Private equity firms are being advised not to panic despite the rapidly approaching deadline for compliance with the European Union’s new data protection regime.
The General Data Protection Regulation will come into effect on 25 May 2018, bringing with it new penalties for non-compliance, including the threat of fines of up to 4 percent of total global annual turnover, or €20 million, whichever is the greater.
But while many firms have been preparing for the new legislation on the management of third-party data for as long as two years, those that are not yet fully prepared need not worry, according to Eduardo Usturan, partner and co-director of the global privacy and cybersecurity practice at law firm Hogan Lovells.
He says: “Many organisations are just starting to realise that this is going to affect them. The perceived lack of compliance with the forthcoming framework is stressful and paralysing at the same time. Those who have been preparing for it – many for the best part of two years – are also realising that the task is far from accomplished while the clock is ticking.”
Usturan advises firms not to get too hung up on the deadline. “It is crucial to appreciate that data protection compliance is not a race. The 25 May compliance deadline should be seen as more of a milestone in a long process, which will probably take years if not decades,” he says. “The right way forward requires pragmatism and patience, and firms must see the bigger picture and focus on getting the important things right. Being realistic is now of the essence.”

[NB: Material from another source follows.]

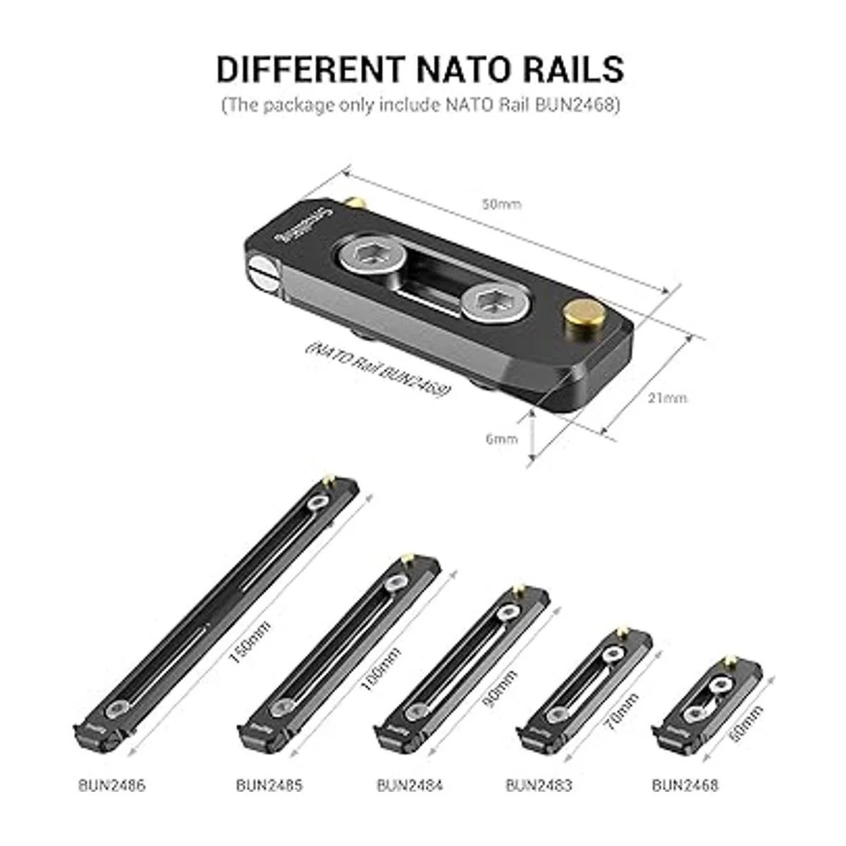 Estándar de riel NATO: Smallrig BUN2468 es compatible con accesorios estándar NATO para una liberación rápida, como abrazaderas, asas y soportes de monitor, lo que te permite fijar y liberar rápidamente los componentes del aparejo

For private equity firms, the risks around GDPR compliance fall into two groups – those related to the fund level, and those related to portfolio businesses. At the fund level, all those that are EU-based need to review the way they handle and store employee data, data that they hold on investors, on portfolio companies, and on the management of portfolio companies. For non EU-based fund managers, there is less exposure on the employee side and on a day-to-day basis, but those that hold investments in the EU or solicit investments from EU investors must also be aware of the implications of the new law.
At the portfolio company level, the GDPR risks vary according to the nature of each company’s operations, depending on what kind of data they hold, on what basis, and what they do with it. Most exposed are companies that regularly deal with sensitive personal data, such as healthcare firms, or those companies that serve minors or process criminal records and the like. Businesses that hold large volumes of data can also be in the high-risk category, such as social media platforms or those running client relationships management systems.
There is a new possibility that data protection regulators might directly fine buyout firms for the failures of portfolio companies, although lawyers say it is not clear how big a risk this might be.
Jane Shvets, a partner in the cybersecurity and data privacy practice at the law firm Debevoise & Plimpton, says: “Generally speaking, funds should not be on the hook for GDPR problems at portfolio company level, but that does depend on what the issues are and the potential ramifications. Certainly if businesses find themselves dealing with significant data breaches or GDPR non-compliance issues, that could have a considerable impact on the business and implications on exit. So funds should pay attention to GDPR compliance at portfolio level, especially for higher-risk investments.”
The key thing is for fund managers to ensure that GDPR is on the agenda for management teams, that robust privacy programmes are in place, and that GDPR analysis has been done. Some managers are more hands-on than others, according to Shvets, with some going so far as to offer guidance and training to management teams. “What you don’t want to do is essentially take over responsibility for GDPR compliance,” she adds. “You want to make sure it’s clearly the responsibility of the management to ensure compliance and give them help without assuming responsibility.”
In terms of how to prioritise what needs to be done to ensure compliance, Usturan says the immediate things to look at are revisions to privacy notices and data processing agreements.
He adds: “Building a comprehensive framework of internal policies, developing a workable system of data protection impact assessments, appointing a pragmatic data protection officer, preparing for cybersecurity breaches, tightening vendor agreements and legitimising international data flows should also be a key focus.”
Shvets says she does believe the majority of private equity firms are on the case, if not yet ready.
“Among those firms that we see, who have considered how GDPR applies to their business, most have taken at least some steps to ensure compliance, and that tends to mean reviewing privacy notices online and in agreements with investors, reviewing employment policies, and making sure that framework is in place. They are also reaching out to their portfolio companies,” she says. “Where more work certainly needs to be done is in relation to breach notifications.”
GDPR requires that companies notify relevant authorities of data breaches that impact the privacy of EU individuals within 72 hours of discovery, and being in a position to do that requires policies and procedures for detecting breaches and intrusions, escalating that information to relevant individuals, and then taking decisions on the need to report.
“The reality is that very few organisations will be truly and fully compliant with the GDPR when the time comes. Because the GDPR involves such a complex set of concepts, principles, rights and rules, misinterpretations are rife,” Usturan adds.
“I have witnessed the mammoth efforts being made by many to try and meet the requirements of the new law, but as the deadline for compliance approaches, the level of anxiety is only set to increase.”